If I had been on the phone then I would not have ended the conversation that way; in fact, it never would have even occurred to me to end it so. Part of this is because the two nieces are 2 years old and nearly 4 years old, so they were around both before the wedding and even before I really knew Sara. Also, they live 800 miles away from us and I've spent less than ten days in their presence at this point. I don't know them all that well and they don't know me much either. In fact, though they are very warm with Sara they mostly react to me like I'm a hairy-faced unfamiliar adult, which is exactly what I am. The older one is old enough so that she warms up to me after some time, but the younger is definitely not there yet.
And yet this is my family now. After we move to Chicago next year, they will be close family that we see often and regularly for an indefinite amount of time. They will become friends and frequent play-partners with our unborn children.

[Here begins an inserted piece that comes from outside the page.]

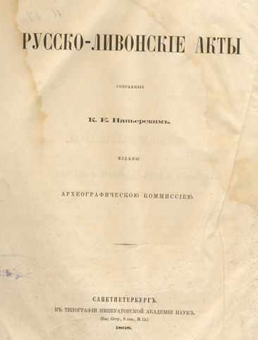 Русско-ливонскiе акты. / собранные К.Е. Напьерским. - Санктпетербург : Изданы Археографическою Коммиссiею : В типографiи Императорской Академiи наук, 1868. - XXIII, 462 с. - Библиогр. в обл ссылок. - Тит. л. парал. рус., нем. - С автографом и оттиском штампа А.П. Сапунова.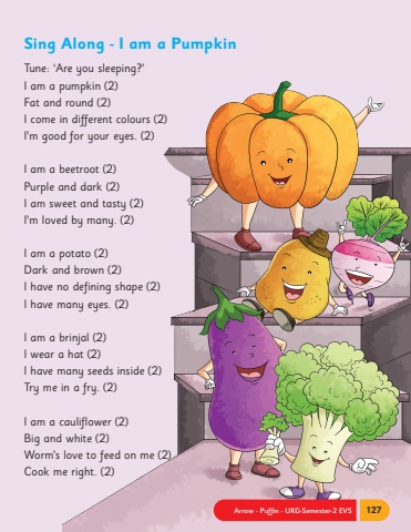 Arrow - Puffin - UKG-Semester-2 EVS 127Sing Along - I am a PumpkinTune: %u2018Are you sleeping?%u2019I am a pumpkin (2)Fat and round (2)I come in different colours (2)I%u2019m good for your eyes. (2)I am a beetroot (2)Purple and dark (2)I am sweet and tasty (2)I%u2019m loved by many. (2)I am a potato (2)Dark and brown (2)I have no defining shape (2)I have many eyes. (2)I am a brinjal (2)I wear a hat (2)I have many seeds inside (2)Try me in a fry. (2)I am a cauliflower (2)Big and white (2)Worm%u2019s love to feed on me (2)Cook me right. (2)Arrow - Puffin - UKG-Semester-2 EVS 127

"Love" is an appropriate word to use, then, if you think about it in this macro sense, but that doesn't change the awkward feeling that I would have when presented with it in the moment. There are different kinds of love, and I'm not just talking romantic vs familial. There is the inner love that we effortlessly produce for other people, and there is also what I'd call the outer love that is part of circumstance that we pull from to give to other people. The love I have for Sara comes from within me that I created (or that her presence or my belief in her wondrousness created in me--deep romantic love can never be fully explained in words), while the love I have for any family member came originally from our shared environment.
My own aunt and uncle tell me that they love me, and nothing seems odd about that. They are family that I've seen consistently throughout my life. Of course we feel a love for each other.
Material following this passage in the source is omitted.